The baffling element of this story is that Erena has no idea what ‘war’, ‘attack’ or ‘violence’ are. It appears she belongs to a Perfect Pacifist People, a trope that was common in the era of original Star Trek, but which seems to have dropped out of fashion. I suspect it was originally a reaction to the development of nukes and the Cold War. People believed that no future war was possible, because all wars would invariably go nuclear. In the decades since the fall of the Berlin Wall in 1989, however, we’ve seen multiple wars – nukes or no nukes, and the idea of future societies adopting pacifism now seems rather quaint.
Endings
The last story, Endings, by William Forstchen, is another of my favourites in this anthology. In the far future, when humanity have been destroyed in a galactic war, Sherman the Bolo wakes up from stasis to discover the last surviving Melconians.

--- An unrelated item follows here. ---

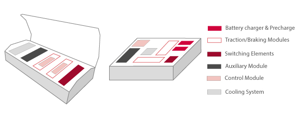 Based on proved medium power modules, the converters include all necessary elements to be fully operational: traction inverters, braking chopper, AFE, auxiliary inverters, etc… INGETRAC Medium power converters are designed to be located on-roof or under-frame, they can be air or liquid-cooled, depending on the vehicle´s manufacturers needs.

After a chase and some misunderstandings, he eventually faces up, doggo-a-tanko, to Melconian General Drak Na-Drak.
“General Drak Na-Drak, I am Sherman, 4th of the 9th Dinochrome Brigade and I demand your surrender.”
Drak smiled and finally shook his head. “Go to hell.”
Sherman, taken aback, said nothing for a long moment.
War is hell, it had once been said, and we were the demons that created it.
“We’re already in hell,” Sherman finally replied.
And so, Sherman blasts off the planet, leaving the aliens that were once Melconians in peace.